Task statement:
Below, some lines carry pictures; leave those pictures out and retype exactly the lines from the one with "metal spoon friendly." through the one with "- 【ADJUSTABLE FLIP-UP".

Exercise data:
_ _ _

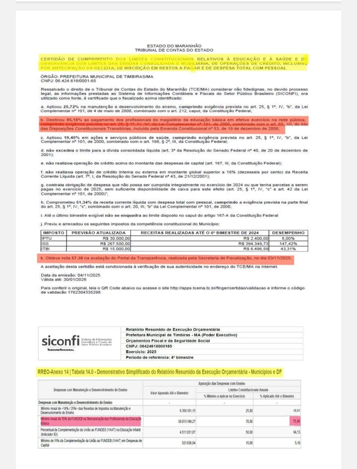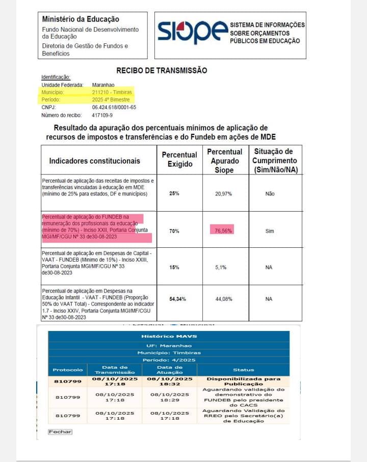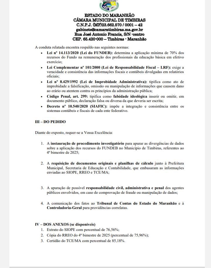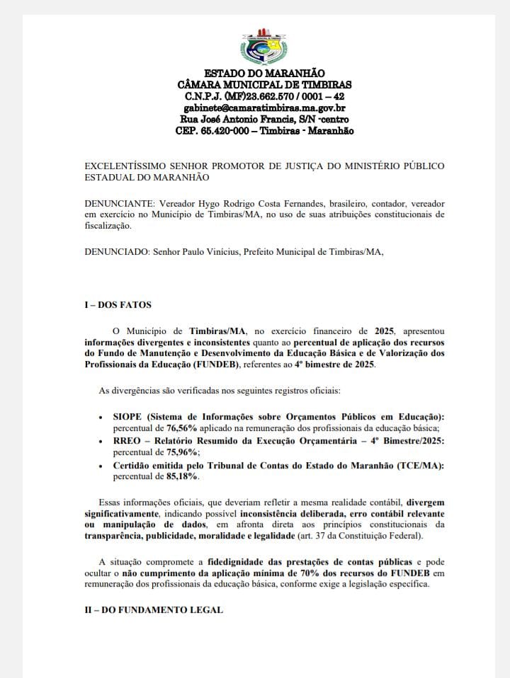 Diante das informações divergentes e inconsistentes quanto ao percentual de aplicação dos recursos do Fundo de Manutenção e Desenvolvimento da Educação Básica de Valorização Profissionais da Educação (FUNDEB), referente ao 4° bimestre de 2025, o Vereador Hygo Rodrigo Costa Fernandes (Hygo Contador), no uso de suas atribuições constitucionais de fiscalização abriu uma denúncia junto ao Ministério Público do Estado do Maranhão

_ _ _

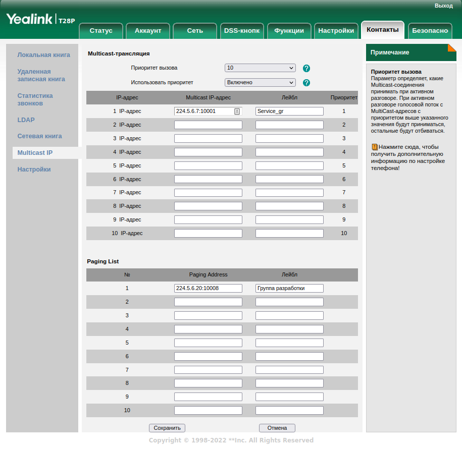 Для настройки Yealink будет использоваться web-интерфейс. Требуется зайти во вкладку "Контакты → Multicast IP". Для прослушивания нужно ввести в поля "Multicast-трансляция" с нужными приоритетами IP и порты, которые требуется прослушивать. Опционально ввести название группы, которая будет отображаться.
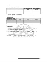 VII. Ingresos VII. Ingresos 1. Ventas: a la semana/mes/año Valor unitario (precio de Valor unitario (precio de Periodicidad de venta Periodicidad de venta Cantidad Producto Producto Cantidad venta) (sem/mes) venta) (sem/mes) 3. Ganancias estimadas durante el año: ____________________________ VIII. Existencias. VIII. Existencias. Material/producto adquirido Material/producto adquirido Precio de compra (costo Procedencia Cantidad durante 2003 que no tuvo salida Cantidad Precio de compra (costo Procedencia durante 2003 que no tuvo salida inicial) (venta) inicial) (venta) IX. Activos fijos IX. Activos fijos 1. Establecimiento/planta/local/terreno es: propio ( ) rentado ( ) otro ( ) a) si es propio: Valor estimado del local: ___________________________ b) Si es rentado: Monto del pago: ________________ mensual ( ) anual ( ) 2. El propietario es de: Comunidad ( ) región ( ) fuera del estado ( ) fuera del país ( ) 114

_ _ _

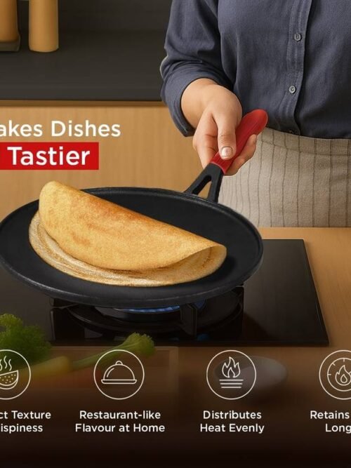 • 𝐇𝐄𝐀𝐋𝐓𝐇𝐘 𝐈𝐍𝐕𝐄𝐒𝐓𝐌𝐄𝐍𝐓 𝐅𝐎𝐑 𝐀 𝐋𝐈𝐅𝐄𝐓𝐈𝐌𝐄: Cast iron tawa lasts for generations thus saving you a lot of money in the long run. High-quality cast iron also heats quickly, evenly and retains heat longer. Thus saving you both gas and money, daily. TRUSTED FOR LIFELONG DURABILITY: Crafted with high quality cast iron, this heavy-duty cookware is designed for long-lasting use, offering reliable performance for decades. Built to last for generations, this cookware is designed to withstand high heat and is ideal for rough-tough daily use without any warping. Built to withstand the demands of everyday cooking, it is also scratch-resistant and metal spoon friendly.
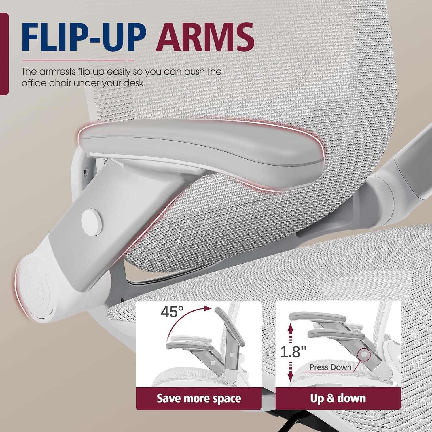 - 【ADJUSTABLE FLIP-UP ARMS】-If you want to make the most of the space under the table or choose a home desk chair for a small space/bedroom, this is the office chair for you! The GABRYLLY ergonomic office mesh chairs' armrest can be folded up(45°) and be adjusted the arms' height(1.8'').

_ _ _

Solution to this task:
 • 𝐇𝐄𝐀𝐋𝐓𝐇𝐘 𝐈𝐍𝐕𝐄𝐒𝐓𝐌𝐄𝐍𝐓 𝐅𝐎𝐑 𝐀 𝐋𝐈𝐅𝐄𝐓𝐈𝐌𝐄: Cast iron tawa lasts for generations thus saving you a lot of money in the long run. High-quality cast iron also heats quickly, evenly and retains heat longer. Thus saving you both gas and money, daily. TRUSTED FOR LIFELONG DURABILITY: Crafted with high quality cast iron, this heavy-duty cookware is designed for long-lasting use, offering reliable performance for decades. Built to last for generations, this cookware is designed to withstand high heat and is ideal for rough-tough daily use without any warping. Built to withstand the demands of everyday cooking, it is also scratch-resistant and metal spoon friendly.
 - 【ADJUSTABLE FLIP-UP ARMS】-If you want to make the most of the space under the table or choose a home desk chair for a small space/bedroom, this is the office chair for you! The GABRYLLY ergonomic office mesh chairs' armrest can be folded up(45°) and be adjusted the arms' height(1.8'').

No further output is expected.